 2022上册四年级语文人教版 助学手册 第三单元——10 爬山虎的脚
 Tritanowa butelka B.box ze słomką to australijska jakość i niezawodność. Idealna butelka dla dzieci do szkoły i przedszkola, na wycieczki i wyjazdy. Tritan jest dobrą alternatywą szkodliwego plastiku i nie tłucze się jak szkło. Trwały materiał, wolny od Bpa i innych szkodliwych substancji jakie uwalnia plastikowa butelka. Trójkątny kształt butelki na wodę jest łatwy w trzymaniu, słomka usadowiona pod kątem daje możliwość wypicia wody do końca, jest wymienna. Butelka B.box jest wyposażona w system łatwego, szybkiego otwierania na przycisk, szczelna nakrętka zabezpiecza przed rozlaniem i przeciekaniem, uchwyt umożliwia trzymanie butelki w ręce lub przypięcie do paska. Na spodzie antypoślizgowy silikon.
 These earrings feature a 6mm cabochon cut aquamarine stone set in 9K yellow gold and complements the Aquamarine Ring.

• • • • • • •

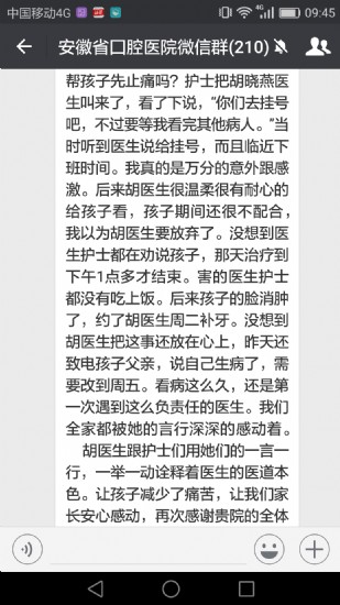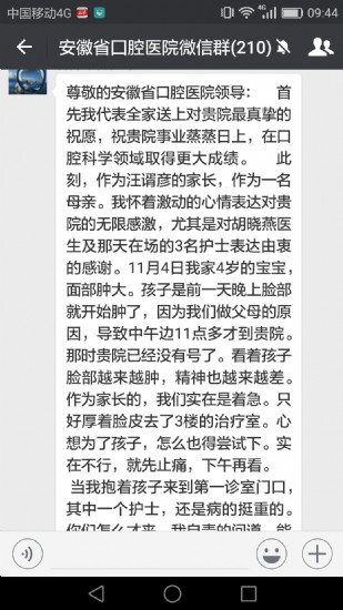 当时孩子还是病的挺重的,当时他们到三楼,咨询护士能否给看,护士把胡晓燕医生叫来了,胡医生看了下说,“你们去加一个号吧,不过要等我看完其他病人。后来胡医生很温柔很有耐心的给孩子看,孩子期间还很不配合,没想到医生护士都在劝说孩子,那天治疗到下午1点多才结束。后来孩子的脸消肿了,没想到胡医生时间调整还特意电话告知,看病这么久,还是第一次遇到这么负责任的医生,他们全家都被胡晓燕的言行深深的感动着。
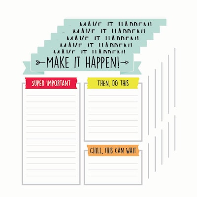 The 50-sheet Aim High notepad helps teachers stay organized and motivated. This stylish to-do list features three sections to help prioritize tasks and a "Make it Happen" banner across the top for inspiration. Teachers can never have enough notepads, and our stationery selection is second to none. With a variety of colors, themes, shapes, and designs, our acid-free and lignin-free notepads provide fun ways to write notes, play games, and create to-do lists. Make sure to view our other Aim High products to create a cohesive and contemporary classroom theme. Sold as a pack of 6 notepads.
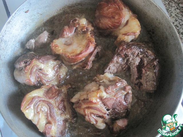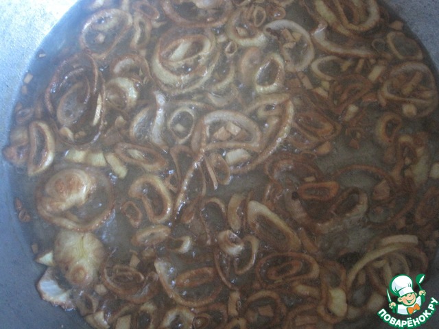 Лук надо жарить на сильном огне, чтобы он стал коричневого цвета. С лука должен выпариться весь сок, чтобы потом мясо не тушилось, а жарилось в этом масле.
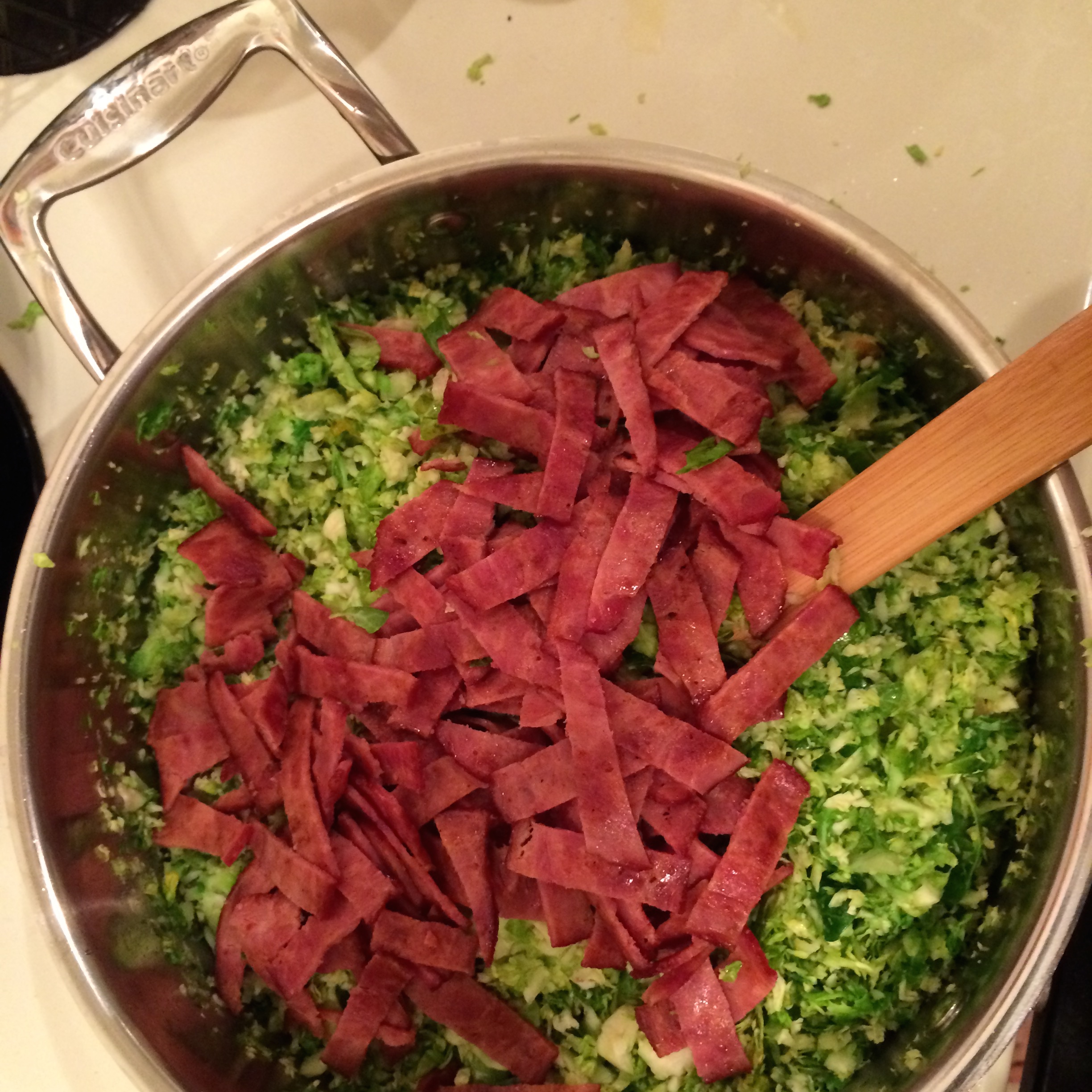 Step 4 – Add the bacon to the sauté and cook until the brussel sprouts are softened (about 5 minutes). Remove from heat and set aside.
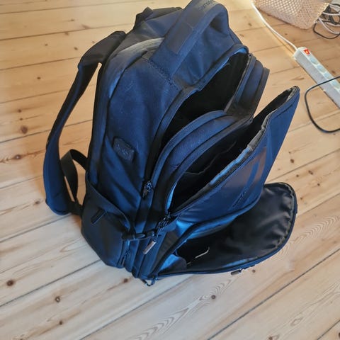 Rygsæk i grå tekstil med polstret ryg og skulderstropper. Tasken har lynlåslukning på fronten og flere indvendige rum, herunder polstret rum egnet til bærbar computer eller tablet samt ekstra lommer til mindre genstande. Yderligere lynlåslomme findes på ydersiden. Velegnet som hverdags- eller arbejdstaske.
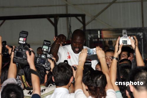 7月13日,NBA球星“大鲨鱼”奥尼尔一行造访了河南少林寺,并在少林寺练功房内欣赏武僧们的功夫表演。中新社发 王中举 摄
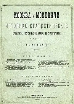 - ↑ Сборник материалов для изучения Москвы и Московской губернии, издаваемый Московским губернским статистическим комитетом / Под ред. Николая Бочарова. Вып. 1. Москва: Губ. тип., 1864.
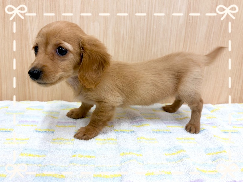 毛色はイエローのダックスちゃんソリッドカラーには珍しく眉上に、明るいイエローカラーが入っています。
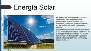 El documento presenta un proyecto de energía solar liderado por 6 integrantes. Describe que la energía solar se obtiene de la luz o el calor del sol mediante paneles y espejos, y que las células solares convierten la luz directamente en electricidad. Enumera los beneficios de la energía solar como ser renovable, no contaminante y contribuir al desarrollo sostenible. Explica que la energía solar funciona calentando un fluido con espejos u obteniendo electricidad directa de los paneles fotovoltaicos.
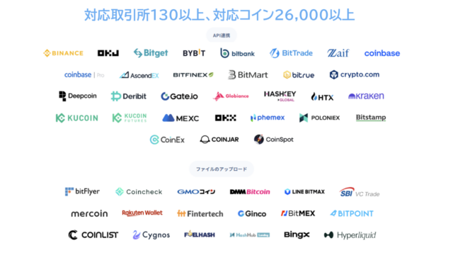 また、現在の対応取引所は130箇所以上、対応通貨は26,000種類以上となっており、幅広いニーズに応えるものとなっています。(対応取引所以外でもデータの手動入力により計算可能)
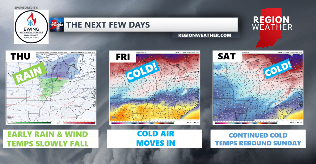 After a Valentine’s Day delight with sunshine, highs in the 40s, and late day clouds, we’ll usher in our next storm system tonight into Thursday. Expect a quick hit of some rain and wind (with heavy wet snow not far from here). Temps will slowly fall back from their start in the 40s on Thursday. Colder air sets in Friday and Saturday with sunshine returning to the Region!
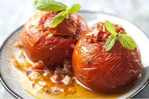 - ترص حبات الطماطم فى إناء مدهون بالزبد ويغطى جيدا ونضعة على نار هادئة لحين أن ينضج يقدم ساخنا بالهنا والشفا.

• • • • • • •

What do the lines above say from the one containing "Tritanowa butelka B.box" down to the one containing "These earrings feature"? Return them exactly, both end lines included, and only them.

 Tritanowa butelka B.box ze słomką to australijska jakość i niezawodność. Idealna butelka dla dzieci do szkoły i przedszkola, na wycieczki i wyjazdy. Tritan jest dobrą alternatywą szkodliwego plastiku i nie tłucze się jak szkło. Trwały materiał, wolny od Bpa i innych szkodliwych substancji jakie uwalnia plastikowa butelka. Trójkątny kształt butelki na wodę jest łatwy w trzymaniu, słomka usadowiona pod kątem daje możliwość wypicia wody do końca, jest wymienna. Butelka B.box jest wyposażona w system łatwego, szybkiego otwierania na przycisk, szczelna nakrętka zabezpiecza przed rozlaniem i przeciekaniem, uchwyt umożliwia trzymanie butelki w ręce lub przypięcie do paska. Na spodzie antypoślizgowy silikon.
 These earrings feature a 6mm cabochon cut aquamarine stone set in 9K yellow gold and complements the Aquamarine Ring.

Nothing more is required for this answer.